Post Traumatic Stress Disorder (PTSD)
What is PTSD?
Post Traumatic Stress Disorder, often shortened to PTSD, is the name given to a set of symptoms that some people develop after experiencing major traumatic events.
The traumatic event can be a single incident or take place over many months or years. Many people think of PTSD as something that affects people who have had traumatic experiences while serving in the military, but it can affect anyone who has experienced a traumatic situation. The condition can be brought on by events such as serious traffic accidents, rape or sexual abuse, domestic violence, physical assault, torture, traumatic childbirth, witnessing a violent death or virtually any other situation that is exceptionally threatening or catastrophic and likely to cause distress in almost anyone.
Up to one third of people who have experienced a traumatic event develop some PTSD symptoms. Studies estimate that around 7% of people will suffer from PTSD at some point in their lives. Other problems such as depression and anxiety disorders are common alongside PTSD. Increased alcohol use and drug use can also become a problem for some people.
Symptoms of PTSD
PTSD sufferers often experience repeated and intrusive distressing memories of the event. There may also be a feeling of reliving (or ‘re-experiencing’) the event through ‘flashbacks’ or ‘nightmares’, which can be very distressing and disorientating. There can also be physical reactions such as shaking and sweating.
Because these memories can be very intense and upsetting, some PTSD sufferers may avoid people or situations that remind them of the trauma, or try to ignore the memories and avoid talking about what happened. Some people may also forget significant parts of the traumatic event.
Other people will think about the event constantly, which stops them coming to terms with it (they may, for instance, ask themselves why the event happened to them or how it could have been prevented).
PTSD sufferers may have emotions or feelings that are difficult to deal with, such as guilt or shame, or they may feel that they do not deserve help.
They may also feel anxious or irritable, and find it difficult to concentrate and sleep. Increased jumpiness and vigilance can also be present. For some people it can mean that doing ordinary things like going to work or school or going out with friends become very difficult.
If you think you might have PTSD you should first see your GP who will perform an initial assessment.
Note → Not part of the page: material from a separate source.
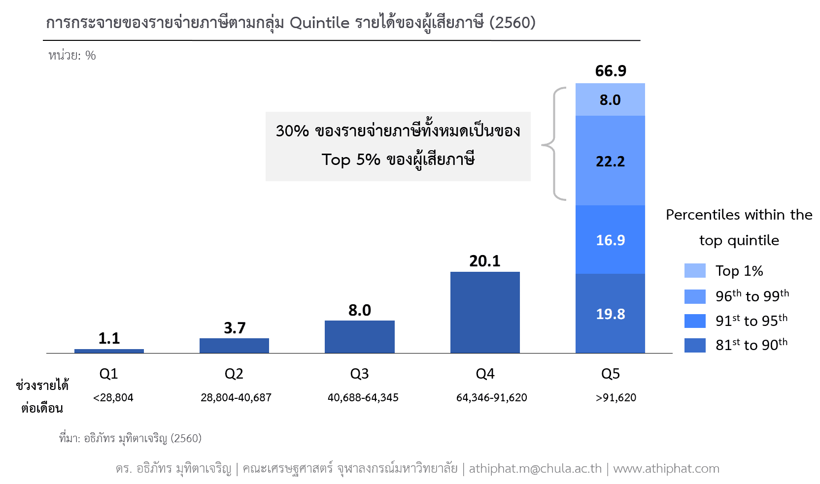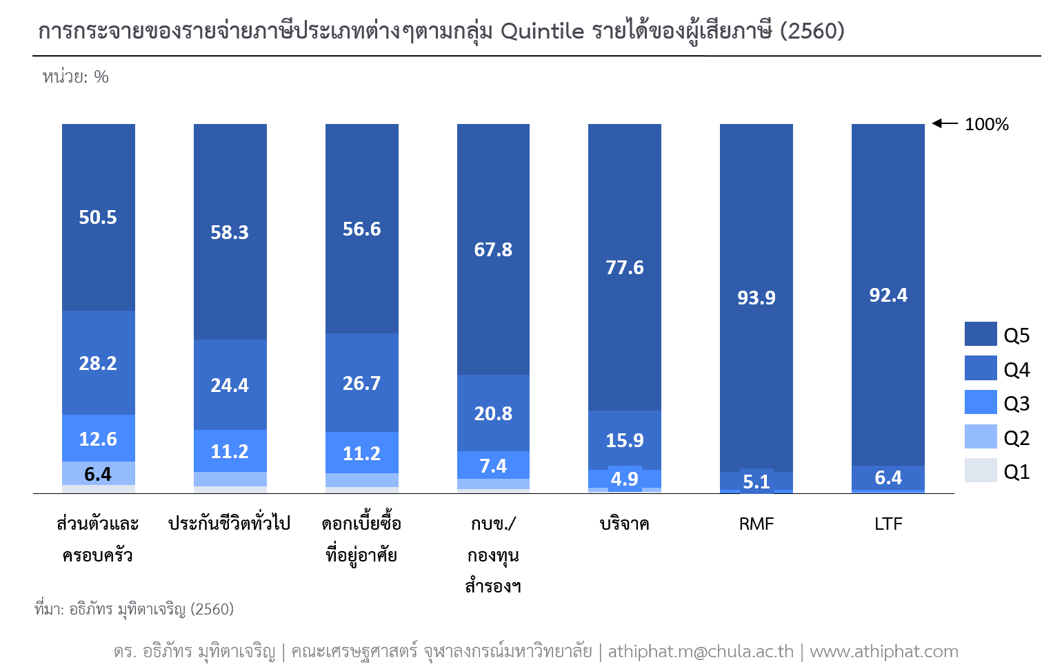 งานวิจัยของผมพบว่า กว่า 67% ของรายจ่ายภาษีเป็นของผู้เสียภาษีในกลุ่ม Quintile รายได้สูงสุด (Q5) และ 30% ของรายจ่ายภาษีทั้งหมดเป็นของผู้ที่มีรายได้สูงสุด Top 5% ส่วนหนึ่งของการกระจุกตัวนี้มาจากการที่ผู้มีรายได้สูงจะอยู่บนขั้นบันไดภาษีสูงกว่าผู้มีรายได้น้อย ทำให้การหักลดหย่อนหนึ่งบาทของผู้ที่มีรายได้สูงมีต้นทุนต่อรัฐสูงกว่าของผู้มีรายได้น้อย

Depending upon the outcome of this, your GP will decide whether you need a referral to a primary care mental health worker, your local Community Mental Health Team (CMHT) or another service, depending on your needs.
If you are referred to your local CMHT you will receive a further more detailed assessment, and you may then be referred on to a specialist traumatic stress service or receive help from within the team.
Psychological therapies are considered to be the most effective treatments for PTSD. In particular, there is good evidence that two types of psychological treatments which focus on the traumatic event called Trauma Focused Cognitive Behavioural Therapy (TFCBT) and Eye Movement Desensitisation and Reprocessing (EMDR) are effective. Both techniques have been shown to reduce the symptoms and the distress experienced by PTSD sufferers.
The term TFCBT encompasses a number of forms of Cognitive Behavioural Therapy (CBT). Broadly speaking, these treatments help the sufferer to confront their traumatic memories often through talking and writing about the event.
TFCBT helps individuals to identify and challenge negative feelings and thoughts, including ideas related to feelings of guilt and shame. The treatment can also involve gradually returning to avoided activities that have become frightening because they are connected in some way with the trauma.
EMDR techniques can help people with PTSD to confront their traumatic memories. The individual is asked to focus on memories, thoughts, feelings and sensations associated with the trauma, whilst also focusing on something else at the same time. Usually the other focus is on following movements of the therapist’s finger.
Other treatments such as medication and stress management techniques are sometimes used to treat PTSD and can be helpful, although these have not been shown to be as effective as TFCBT or EMDR.